**WHAT THE TASK ASKS:**
Return every record verbatim, omitting all pictures.

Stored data
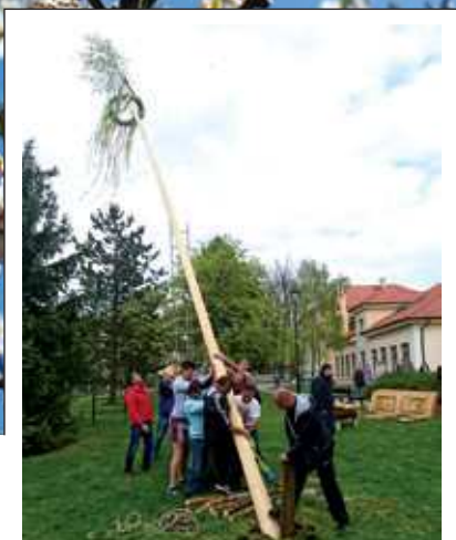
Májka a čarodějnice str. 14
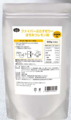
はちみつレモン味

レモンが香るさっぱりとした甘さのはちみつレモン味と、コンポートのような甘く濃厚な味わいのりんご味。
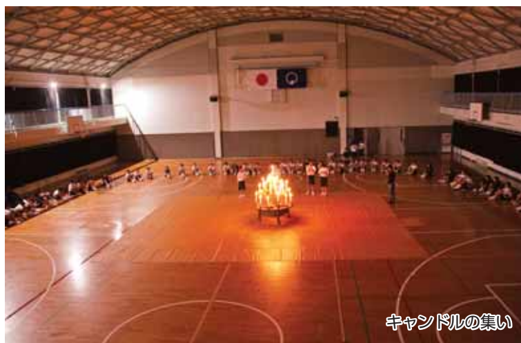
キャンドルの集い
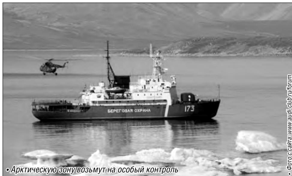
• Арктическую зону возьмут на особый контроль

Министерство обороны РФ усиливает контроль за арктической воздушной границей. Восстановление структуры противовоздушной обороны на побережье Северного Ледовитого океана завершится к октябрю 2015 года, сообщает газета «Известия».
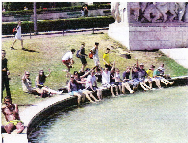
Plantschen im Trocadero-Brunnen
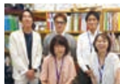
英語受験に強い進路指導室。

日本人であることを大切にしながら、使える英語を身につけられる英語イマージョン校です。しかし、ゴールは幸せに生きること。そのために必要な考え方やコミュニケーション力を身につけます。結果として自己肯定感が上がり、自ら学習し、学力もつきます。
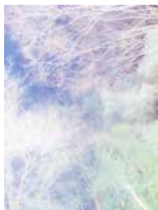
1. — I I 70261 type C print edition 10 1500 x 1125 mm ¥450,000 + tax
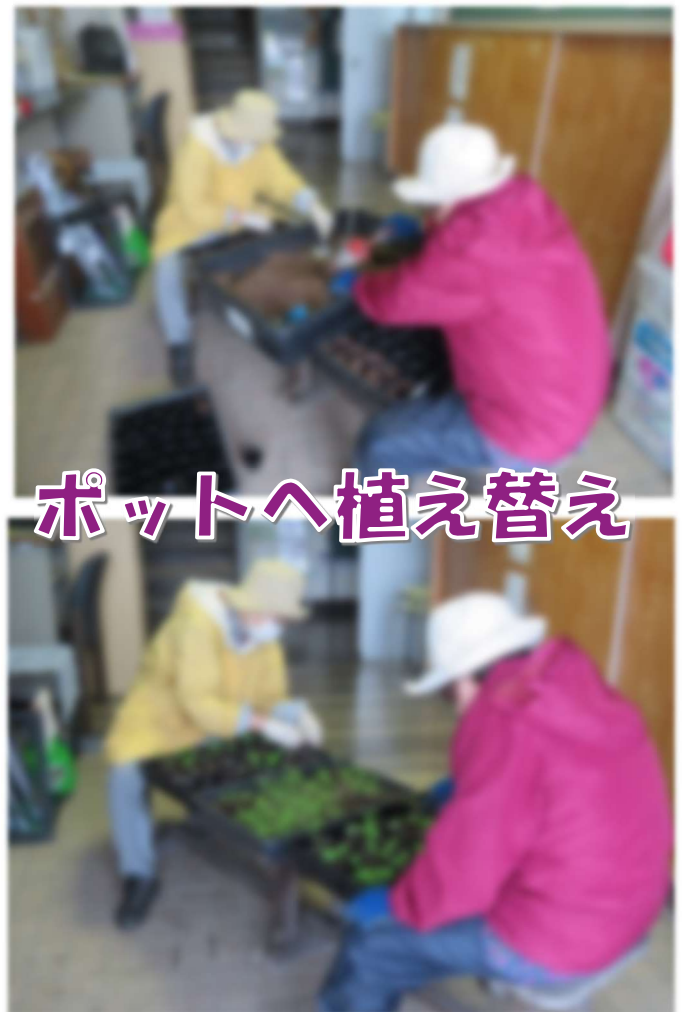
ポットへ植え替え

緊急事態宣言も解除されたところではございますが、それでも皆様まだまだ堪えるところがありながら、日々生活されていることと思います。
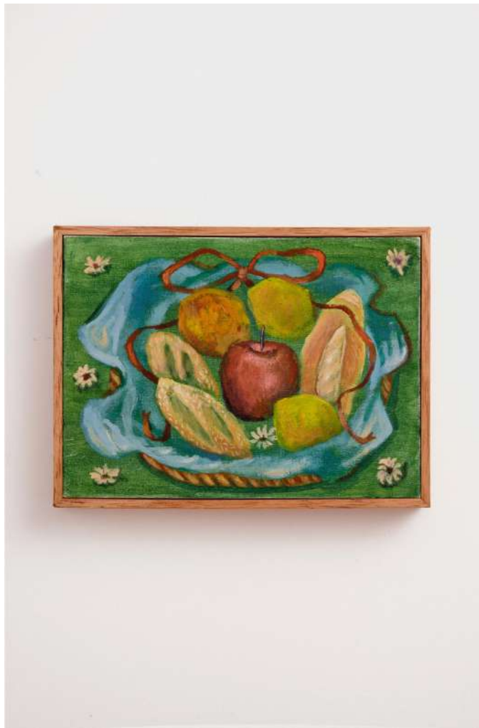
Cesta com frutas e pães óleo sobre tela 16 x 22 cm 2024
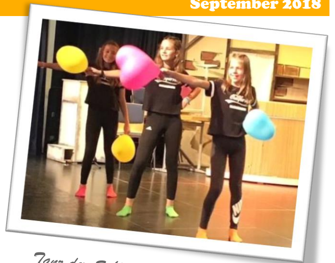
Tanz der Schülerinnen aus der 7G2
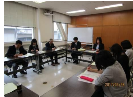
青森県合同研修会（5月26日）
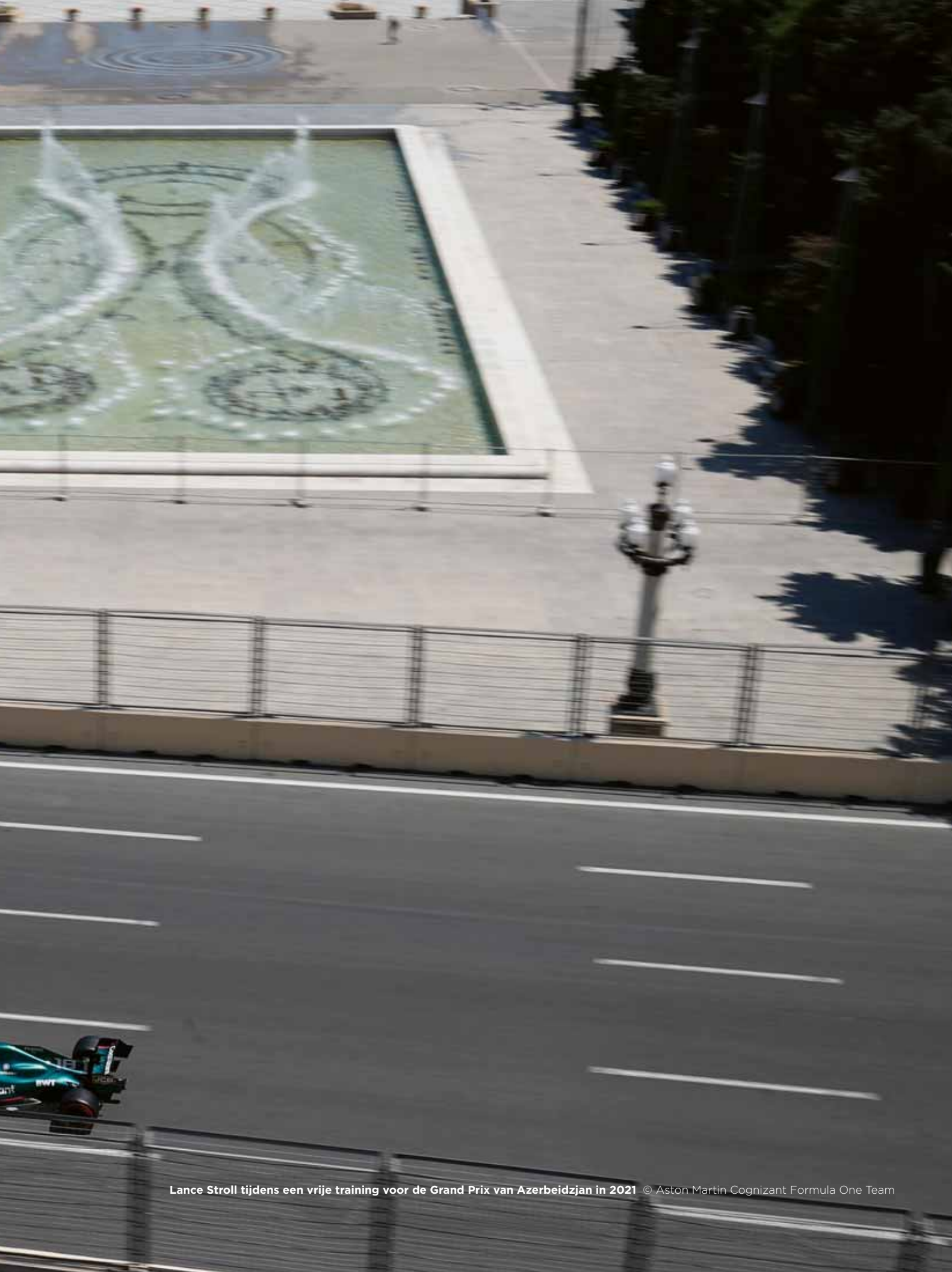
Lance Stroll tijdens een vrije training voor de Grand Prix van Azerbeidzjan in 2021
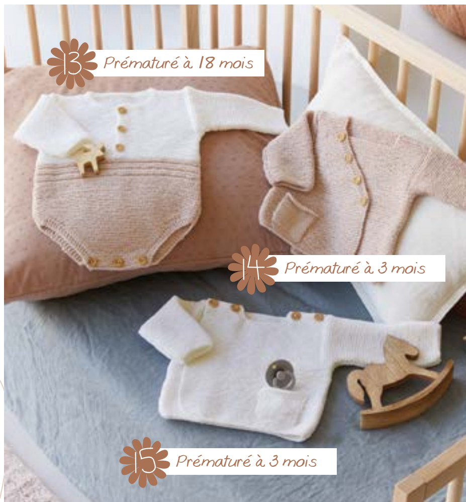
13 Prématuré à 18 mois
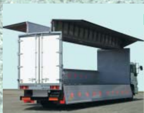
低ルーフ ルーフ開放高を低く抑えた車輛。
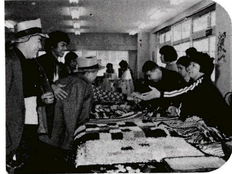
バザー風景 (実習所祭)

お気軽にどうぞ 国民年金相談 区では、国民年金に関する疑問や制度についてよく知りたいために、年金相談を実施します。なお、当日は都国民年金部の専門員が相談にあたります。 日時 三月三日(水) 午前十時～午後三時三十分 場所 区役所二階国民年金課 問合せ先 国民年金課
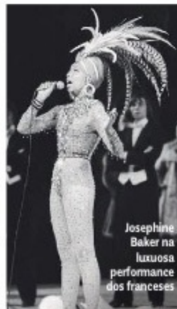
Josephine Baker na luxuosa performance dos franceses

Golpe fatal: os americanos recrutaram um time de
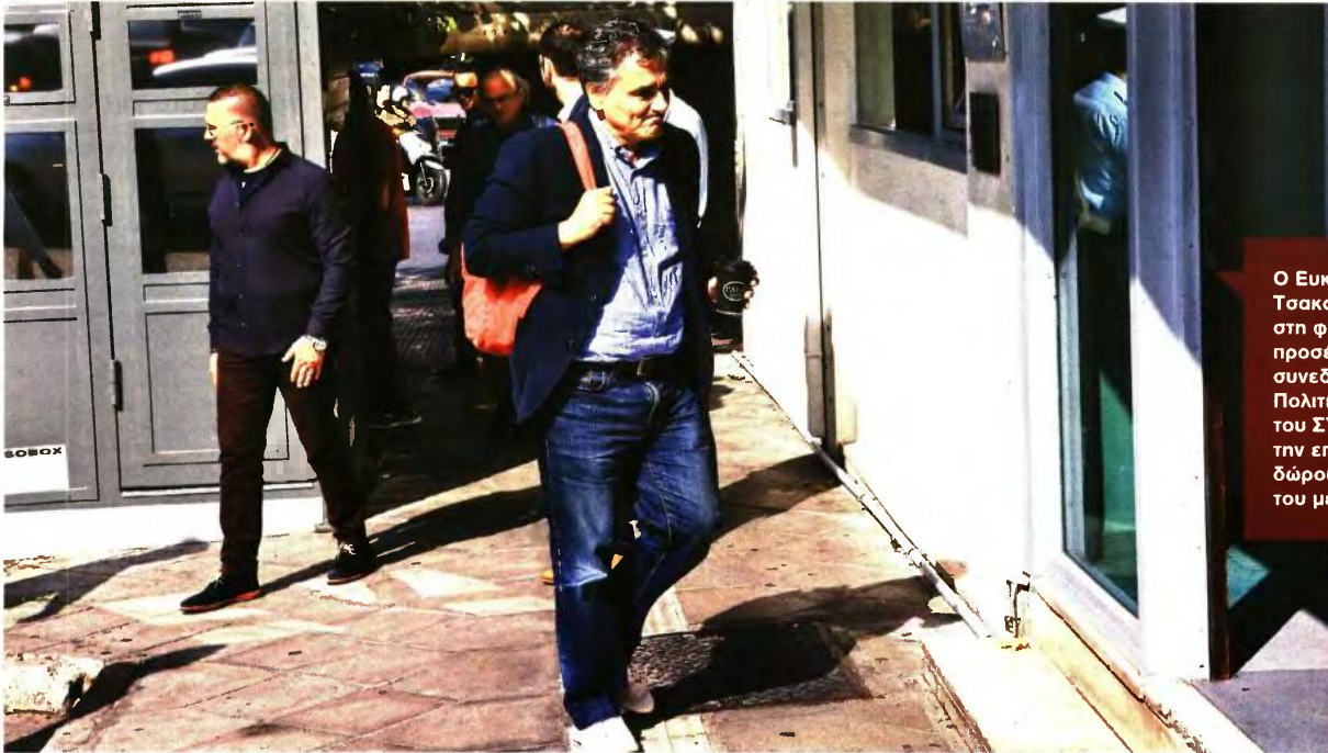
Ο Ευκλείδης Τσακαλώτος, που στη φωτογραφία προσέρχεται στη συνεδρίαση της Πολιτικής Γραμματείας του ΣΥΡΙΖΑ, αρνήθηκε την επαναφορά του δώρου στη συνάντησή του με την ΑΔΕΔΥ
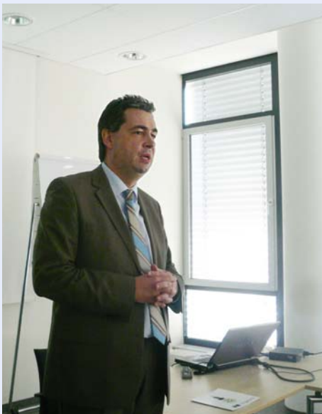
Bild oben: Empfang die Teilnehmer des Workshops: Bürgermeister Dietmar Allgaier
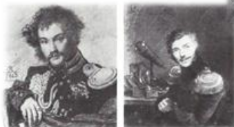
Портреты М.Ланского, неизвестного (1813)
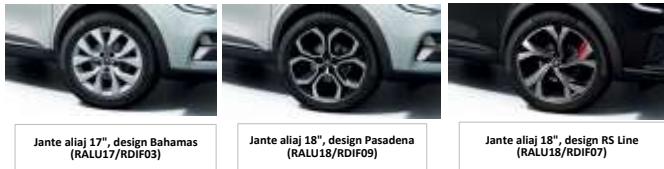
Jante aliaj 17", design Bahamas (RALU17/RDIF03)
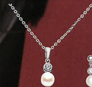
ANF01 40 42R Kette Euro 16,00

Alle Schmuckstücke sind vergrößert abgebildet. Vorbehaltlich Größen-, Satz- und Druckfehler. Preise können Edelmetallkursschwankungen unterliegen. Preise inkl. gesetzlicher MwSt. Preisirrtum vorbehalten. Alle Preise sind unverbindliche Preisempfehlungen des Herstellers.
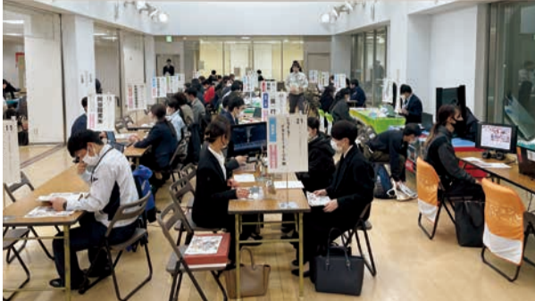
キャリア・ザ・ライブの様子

**SOLVED PROBLEM:**
Májka a čarodějnice str. 14
はちみつレモン味

レモンが香るさっぱりとした甘さのはちみつレモン味と、コンポートのような甘く濃厚な味わいのりんご味。
キャンドルの集い
• Арктическую зону возьмут на особый контроль

Министерство обороны РФ усиливает контроль за арктической воздушной границей. Восстановление структуры противовоздушной обороны на побережье Северного Ледовитого океана завершится к октябрю 2015 года, сообщает газета «Известия».
Plantschen im Trocadero-Brunnen
英語受験に強い進路指導室。

日本人であることを大切にしながら、使える英語を身につけられる英語イマージョン校です。しかし、ゴールは幸せに生きること。そのために必要な考え方やコミュニケーション力を身につけます。結果として自己肯定感が上がり、自ら学習し、学力もつきます。
1. — I I 70261 type C print edition 10 1500 x 1125 mm ¥450,000 + tax
ポットへ植え替え

緊急事態宣言も解除されたところではございますが、それでも皆様まだまだ堪えるところがありながら、日々生活されていることと思います。
Cesta com frutas e pães óleo sobre tela 16 x 22 cm 2024
Tanz der Schülerinnen aus der 7G2
青森県合同研修会（5月26日）
Lance Stroll tijdens een vrije training voor de Grand Prix van Azerbeidzjan in 2021
13 Prématuré à 18 mois
低ルーフ ルーフ開放高を低く抑えた車輛。
バザー風景 (実習所祭)

お気軽にどうぞ 国民年金相談 区では、国民年金に関する疑問や制度についてよく知りたいために、年金相談を実施します。なお、当日は都国民年金部の専門員が相談にあたります。 日時 三月三日(水) 午前十時～午後三時三十分 場所 区役所二階国民年金課 問合せ先 国民年金課
Josephine Baker na luxuosa performance dos franceses

Golpe fatal: os americanos recrutaram um time de
Ο Ευκλείδης Τσακαλώτος, που στη φωτογραφία προσέρχεται στη συνεδρίαση της Πολιτικής Γραμματείας του ΣΥΡΙΖΑ, αρνήθηκε την επαναφορά του δώρου στη συνάντησή του με την ΑΔΕΔΥ
Bild oben: Empfang die Teilnehmer des Workshops: Bürgermeister Dietmar Allgaier
Портреты М.Ланского, неизвестного (1813)
Jante aliaj 17", design Bahamas (RALU17/RDIF03)
ANF01 40 42R Kette Euro 16,00

Alle Schmuckstücke sind vergrößert abgebildet. Vorbehaltlich Größen-, Satz- und Druckfehler. Preise können Edelmetallkursschwankungen unterliegen. Preise inkl. gesetzlicher MwSt. Preisirrtum vorbehalten. Alle Preise sind unverbindliche Preisempfehlungen des Herstellers.
キャリア・ザ・ライブの様子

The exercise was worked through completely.